A mesure que les jours passent, les preuves montées par le DEMIAP s’avèrent trop légères. Des perquisitions sont programmées dans les résidences de Salomon Kalonda et de Moïse Katumbi à Kinshasa, à Lubumbashi et à Kindu. Les proches du Chairman sont aussi dans le viseur. Le directeur de Cabinet, Olivier Kamitatu, le journaliste Frédéric Kitenge, manager du TP Mazembe et promoteur de la chaîne Nyota et le ministre Christian Mwando sont dans le collimateur du pouvoir.
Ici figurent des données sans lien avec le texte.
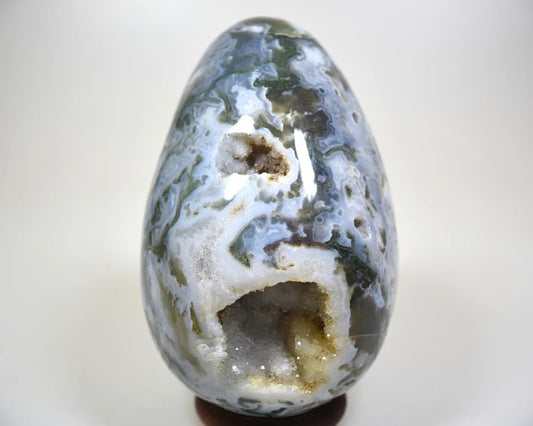 Druzy Moss Agate Crystal Egg 6.2cm
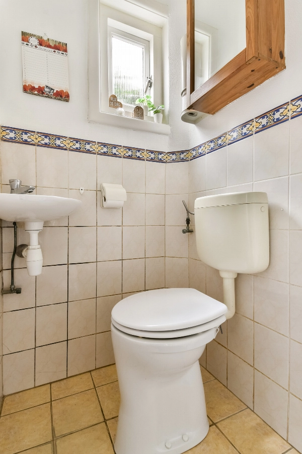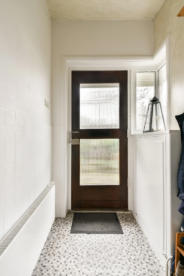 Entree via het tochtportaal met vernieuwde meterkast (6 groepen en 2 aardlekschakelaars). De hal geeft toegang tot een nette ruime toiletruimte met witte betegeling, een duoblok, een fonteintje en praktische kelder bergruimte onder de trap,
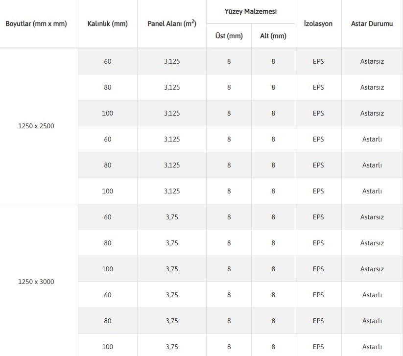 • Panel boyutları 1250 x 2500 mm ve 1250 x 3000 mm olan HEKİMPAN’ın standart panel kalınlıkları ise 60 mm, 80 mm ve 100 mm’dir.
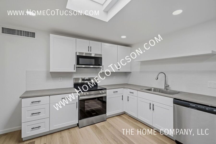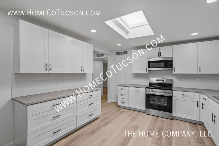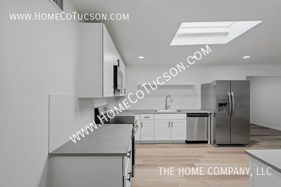 This beautifully refreshed single-story home offers a thoughtful layout, abundant natural light, and multiple versatile living spaces designed for both comfort and functionality. Clean lines, wide plank flooring, recessed lighting, and a soft neutral palette create a bright, cohesive feel throughout the interior. The living room offers a fireplace with a raised hearth that adds warmth and architectural character. The space flows naturally into the dining area and updated kitchen, creating an inviting setting for everyday living or entertaining. The kitchen features white cabinetry, sleek countertops, stainless steel appliances, a tile backsplash, and a skylight that fills the room with natural light. Adjacent spaces provide flexibility for dining, gathering, or extended living. The primary bedroom is generously sized and thoughtfully extended, offering a comfortable retreat. From the primary suite, there is direct access to the enclosed Arizona room, creating a seamless connection between indoor living and additional usable space. This setup is ideal for enjoying quiet mornings, relaxing evenings, or creating a personalized sitting area just steps from the bedroom. The enclosed Arizona room adds valuable square footage and versatility, with ample natural light and a bright, open feel. It functions beautifully as a secondary living area, reading room, or flex space while maintaining separation from the main living areas. A dedicated laundry room enhances day-to-day convenience, offering a functional and organized space. Nearby, a bonus room adjacent to the laundry provides even more flexibility — perfect for a home office or hobby room. The exterior showcases classic Arizona curb appeal with low-maintenance desert landscaping and a wide driveway leading to the garage. The garage includes a separate storage room, adding practical space for tools, equipment, or seasonal items. This home combines timeless character with modern updates and flexible living spaces, making it well-suited for a variety of lifestyles. VIDEO TOUR: Explore this property with our comprehensive video tour to get a closer look at every detail before scheduling an in-person visit. **Walking Tour** **Virtual Tour** HOA: NO HOA UTILITIES: Tenant is responsible for all utilities and a $75 monthly solar fee. To review our rental qualifications, apply, view additional video tours, or schedule a showing, please visit: **Website: ** For questions during business hours, please contact us: Text: Email: QUALIFYING REQUIREMENTS: Email for a full disclosure of fees and to review a blank lease document. Experience the difference with The Home Company! Visit to schedule a showing, apply, view additional media for each available property, and review detailed qualifying requirements and information. Proudly setting the standard for property management in Arizona, The Home Company is dedicated to improving the rental experience for both tenants and landlords. As an Equal Opportunity Housing provider, we are committed to fairness and transparency in every interaction. All our agents are licensed Real Estate Professionals, delivering knowledgeable support and exceptional service. Please note, The Home Company, LLC exclusively represents the Landlord in all property-related matters. As the Landlord’s authorized Agent, our responsibility is to act in their best interests throughout the rental process. Call: (Leasing Department, Monday–Friday, 10 AM–4 PM) Arizona Room Bonus Room Laundry Room Low Care Desert Landscape No Hoa One Story Recently Updated Refridgerator Southwest Gas 1 Storage Room Storage Shed Tenant To Contact The Following Utilities To Establish Service: Trash Service Of Tenants Choice Tucson Electric Power Tucson Water & Sewer Updated Flooring Updated Kitchen Updated Lighting Vinyl Plank Flooring
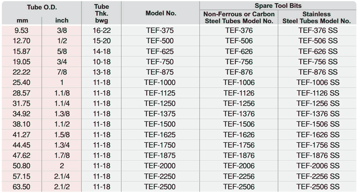 One size of tool is suitable for use on multiple tube thicknesses by interchanging pilot. (TEF-375 is the exception with the tool suitable for one tube ID only).
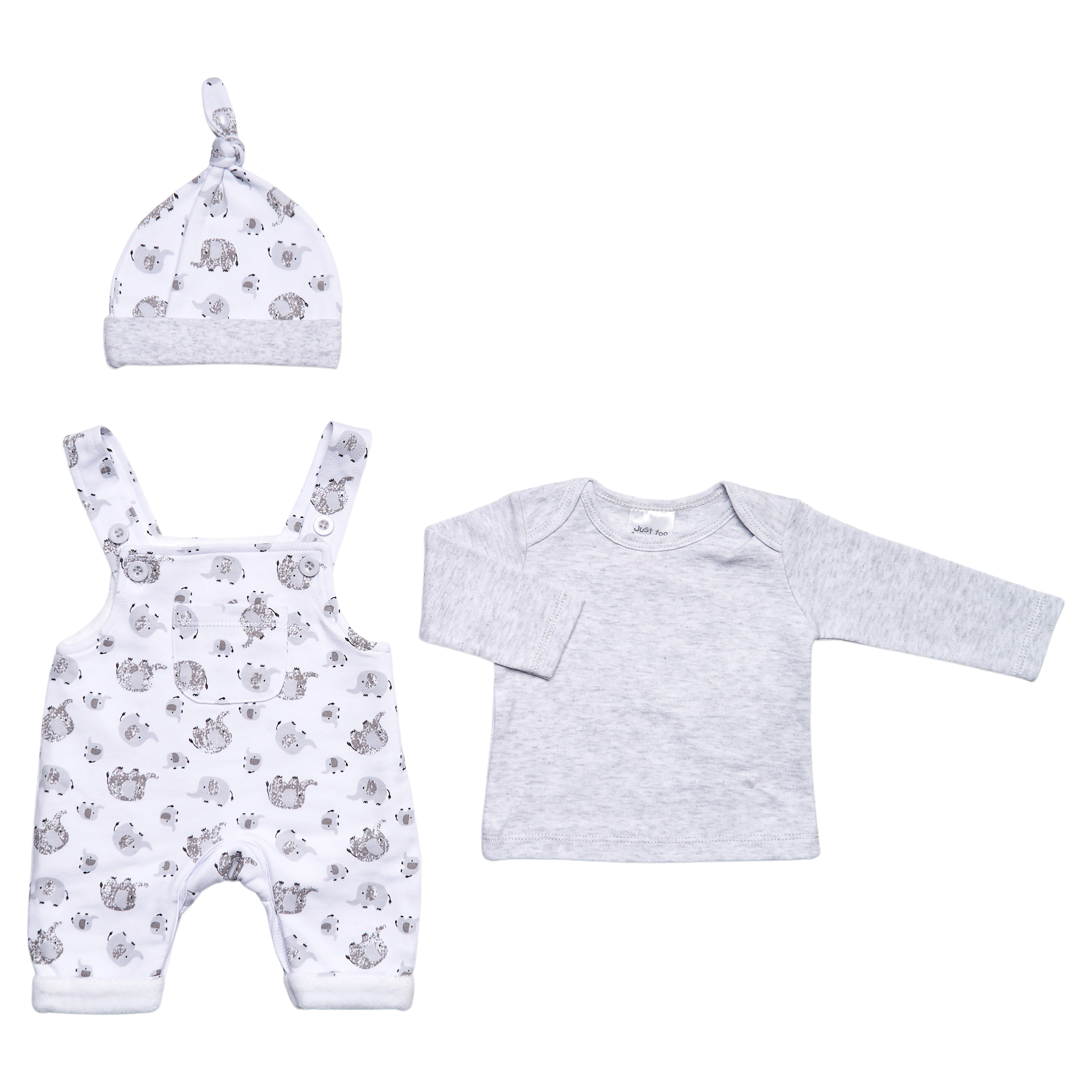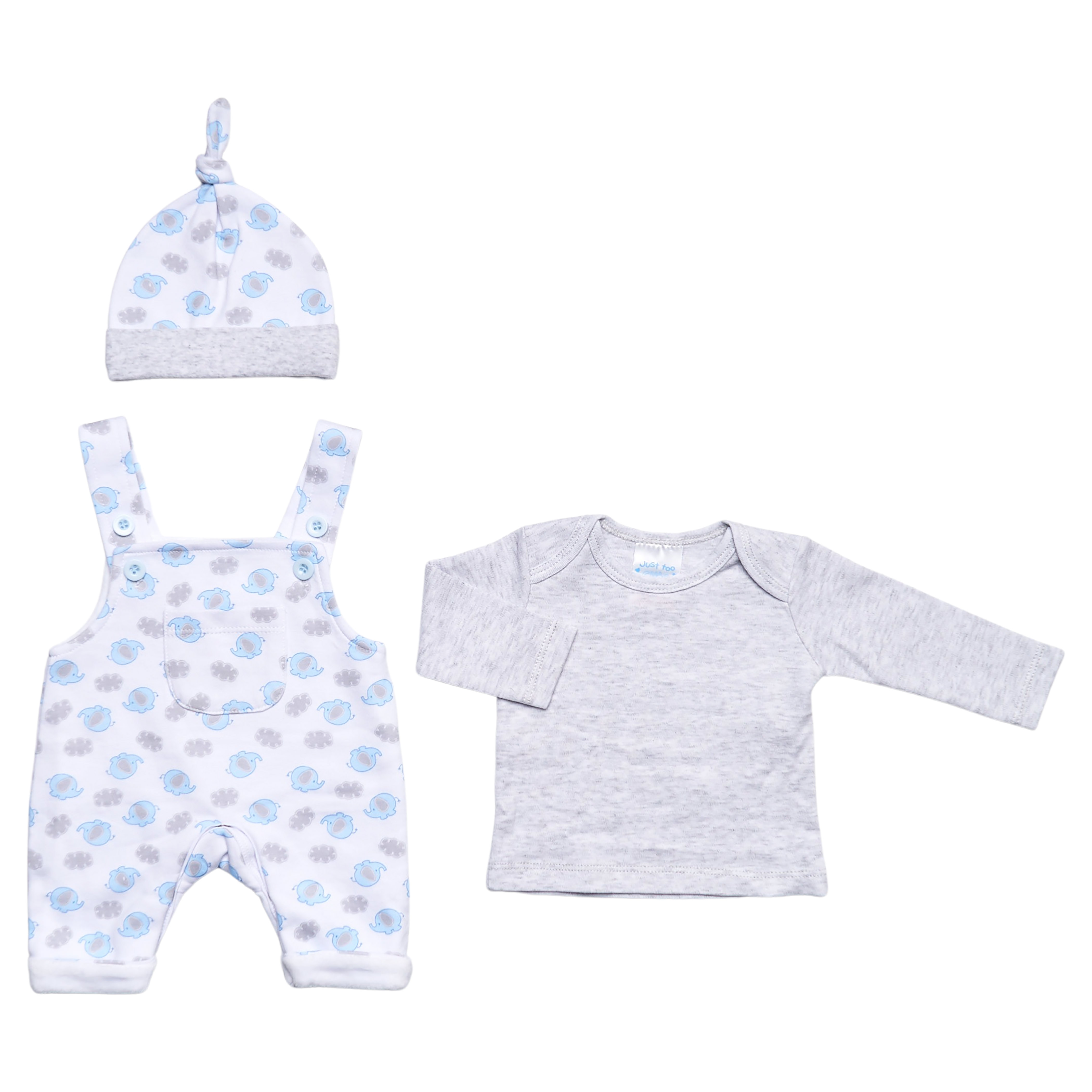 L/Grey & White Elephant 3PC Dungaree Set 3-8lbs

Au premier on veut impliquer des contacts avec les milices qui opèrent dans sa province au Kwilu, au second des relations avec le général John Numbi, les ex-gendarmes katangais et les proches de Joseph Kabila, et au troisième des dossiers de détournements au Ministère du Plan qu’il vient fraîchement de quitter.
"Après avoir inventé des charges imaginaires postérieurement à son arrestation, le pouvoir cherche à fabriquer des preuves", affirme un avocat de Salomon Kalonda.
La première douche froide pour le tandem Peter Kazadi-Franck Ntumba tombe avec les révélations sur Joël Malembe, l’ancien membre du M23 détenu à l’ANR chargé de dresser des accusations contre Salomon Kalonda en échange de sa libération. L’affaire prend l’eau.
Le seconde douche froide tombe le 07 juin avec la preuve brandie par l’ancien Premier Ministre Matata Ponyo que l’arme attribuée à Salomon Kalonda appartenait à son garde du corps qui l’avait perdue lors du sit-in le 25 mai dernier. Le numéro de l’arme de poing et son enregistrement au sein de l’unité à laquelle appartient le garde du corps de l’ancien Premier Ministre ne laissent aucun doute sur le montage grossier de la DEMIAP.
Au sein de la société civile, de l’Eglise Catholique aux organisations de défense des droits de l’homme, tout le monde s’émeut du sort réservé à Salomon Kalonda. Détenir plus longtemps le jeune leader du Maniema au cachot et interdire tout accès à ses avocats deviennent de plus en plus lourd à porter pour Peter Kazadi et Christian Ndaywel. Après François Beya, Jean-Marc Kabund et Fortunat Biselele, le dossier de Salomon Kalonda devient pour Félix Tshisekedi une charge bien encombrante. D’autant qu’au Katanga où Moïse Katumbi reçoit le soutien de ses fidèles et au Maniema, la province de Salomon Kalonda, la colère gronde. Tout comme au Kwilu et dans les Kivu, où les opposants au régime ont des bases solides.
Les diplomates occidentaux suivent de près l’évolution du dossier. Pour l’un d’entre eux, « l’arrestation brutale, la détention illégale et la volonté manifeste de monter un faux procès à Salomon Kalonda dans le but d’impliquer Moïse Katumbi dans une tentative de coup d’Etat ou de renversement du pouvoir en complicité avec le Rwanda, relève des bévues auxquelles plusieurs proches du Président nous ont habitué ».
Les jours qui viennent diront comment Félix Tshisekedi arrivera à se dépêtrer sans casse de son nouveau prisonnier politique et de cette affaire très mal engagée.